Regulation of the Salmonella enterica std fimbrial operon by DNA adenine methylation, SeqA, and HdfR

Marcello Jakomin, Daniela Chessa, Andreas J Baumler, Josep Casadesús

Research output: Contribution to journalArticle

42 Scopus citations

Abstract

DNA adenine methylase (dam) mutants of Salmonella enterica serovar Typhimurium grown under laboratory conditions express the std fimbrial operon, which is tightly repressed in the wild type. Here, we show that uncontrolled production of Std fimbriae in S. enterica serovar Typhimurium dam mutants contributes to attenuation in mice, as indicated by the observation that an stdA dam strain is more competitive than a dam strain upon oral infection. Dam methylation appears to regulate std transcription, rather than std mRNA stability or turnover.

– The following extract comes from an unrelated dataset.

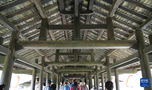 这是9月25日拍摄的三江侗族自治县的程阳永济桥。该桥建成于1924年,整座桥梁搭建时不用一钉一铆,主要由木料和石料建成,桥长近80米,宽近4米,高近12米,是我国建筑艺术中的珍品。(新华社记者 张枫 摄)

A genetic screen for std regulators showed that the GATC-binding protein SeqA directly or indirectly represses std expression, while the poorly characterized yifA gene product serves as an std activator. YifA encodes a putative LysR-like protein and has been renamed HdfR, like its Escherichia coli homolog. Activation of std expression by HdfR is observed only in dam and seqA backgrounds. These data suggest that HdfR directly or indirectly activates std transcription. Since SeqA is unable to bind nonmethylated DNA, it is possible that std operon derepression in dam and seqA mutants may result from unconstrained HdfR-mediated activation of std transcription. Derepression of std in dam and seqA mutants of S. enterica occurs in only a fraction of the bacterial population, suggesting the occurrence of either bistable expression or phase variation.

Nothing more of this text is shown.